La parafrasi Mi domando dove fosse la luna, visto che il cielo aveva un colore chiaro e il mandorlo e il melo sembravano sollevarsi per vederla meglio. Da nuvole nere in lontananza venivano dei lampi mentre una voce nei campi ripeteva: chiù. Solo poche stelle brillavano nella nebbia bianca. Sentivo il rumore delle onde del mare, sentivo un rumore tra i cespugli, sentivo un’agitazione nel cuore al ricordo di una voce che evocava un dolore antico. Si sentiva un singhiozzo lontano: chiù. Sulle vette dei monti illuminate dalla luna, soffia un vento leggero mentre il canto delle cavallette sembra il suono dei sistri funebri che bussano alle porte della morte che forse non si aprono più?… e continua insistentemente un pianto funebre … chiù

Riassunto La poesia si può riassumere in questo modo: La notte in cui l'io poetico immagina di essere è cupa e nebbiosa (... la nebbia di latte), tanto che non si vede la luna (Dov'era la luna?), bensì soltanto poche stelle (le stelle lucevano rare...); tuttavia ci sono parecchi suoni, come quelli dei tuoni (venivano soffi di lampi), il verso dell'assiuolo tra i campi (chiù) e un pianto di morte, e c'era quel pianto di morte...); il rumore del mare (sentivo il cullare del mare), gli animali tra i cespugli (sentivo un fru fru tra le fratte) e le cavallette che sembrano suonare dei  (squassavano le cavallette finissimi sistri d'argento). Al poeta viene un sussulto a causa di questi rumori (sentivo nel cuore un sussulto), e si domanda se le porte della morte si potranno sempre aprire (tintinni a invisibili porte che forse non si aprono più).

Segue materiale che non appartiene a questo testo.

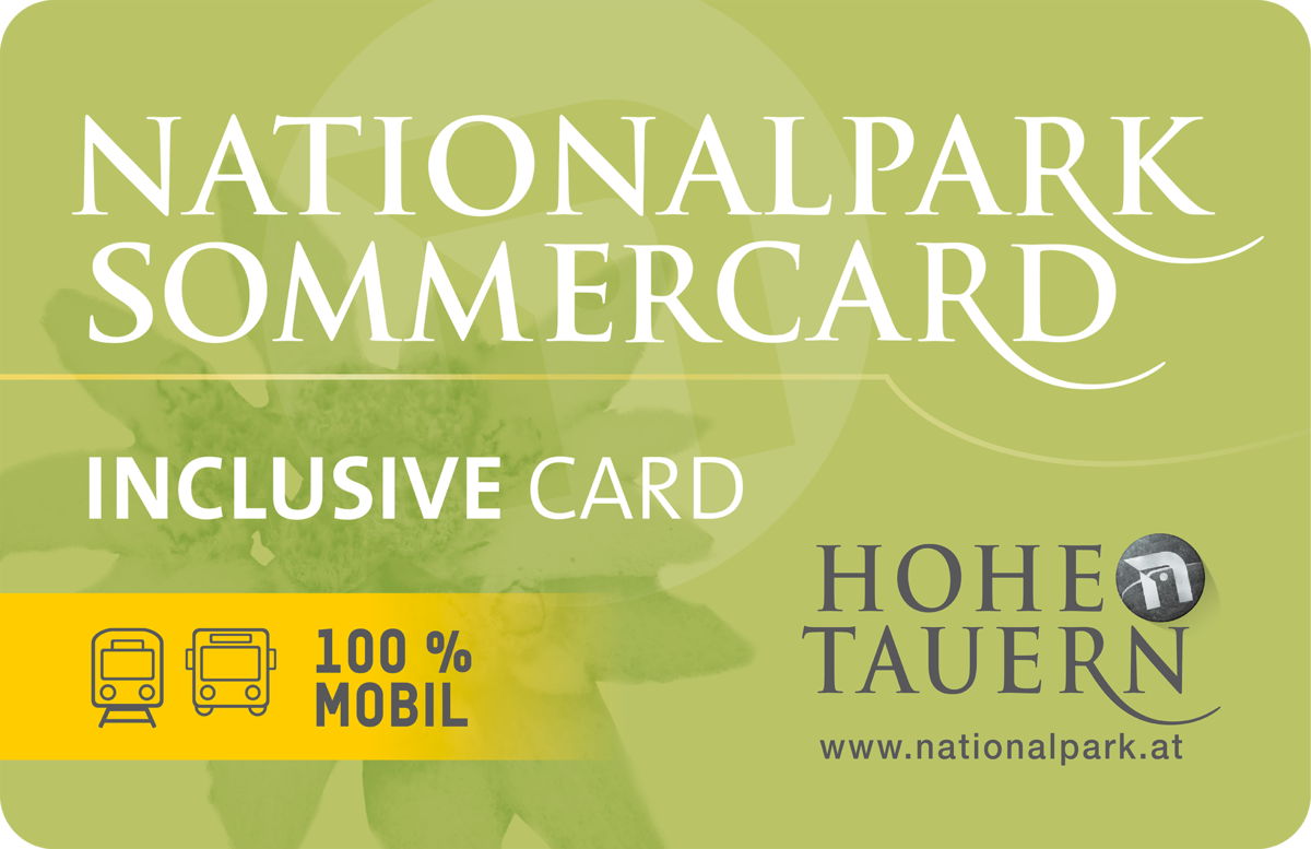 Urlaubsgäste, die bei den teilnehmenden Partnerbetrieben in der Ferienregion nächtigen, erhalten von 1. Mai bis 31. Oktober von ihren Gastgebern (Hotels, Pensionen, Bauernhöfe, Ferienwohnungen) die „Nationalpark SommerCard“ geschenkt. Neben über 60 Gratis-Eintritten und weiteren Ermäßigungen kommen Gäste damit in den Genuss folgender Mobilitätsleistungen für die Gesamtdauer des Aufenthaltes inklusive An- und Abreisetag:

Problematica affrontata I principali problemi che il poeta affronta sono il mistero e l’angoscia della morte. Contribuiscono a creare un’atmosfera di mistero il contrasto tra immagini minacciose e serene. Questo tema è caratterizzato dalla domanda che il poeta fa: “tintinni a invisibili porte che forse non si aprono più?”. L’interrogazione che Pascoli pone mette in rapporto il dato fisico, cioè il suono delle cavallette, con una realtà metaforica, ovvero le invisibili porte che, aprendosi, potrebbero spiegare il mistero della vita. Il passaggio dal suono reale alla sua interpretazione metaforica è molto importante perché apre una riflessione sulla morte e sull’impossibilità per l’uomo di affidarsi alla speranza di un'altra vita dopo la fine dell’esistenza. Questa sensazione negativa è data dalla voce dell’uccello notturno, che per le credenze popolari di allora è considerato un annuncio di disgrazia e di morte.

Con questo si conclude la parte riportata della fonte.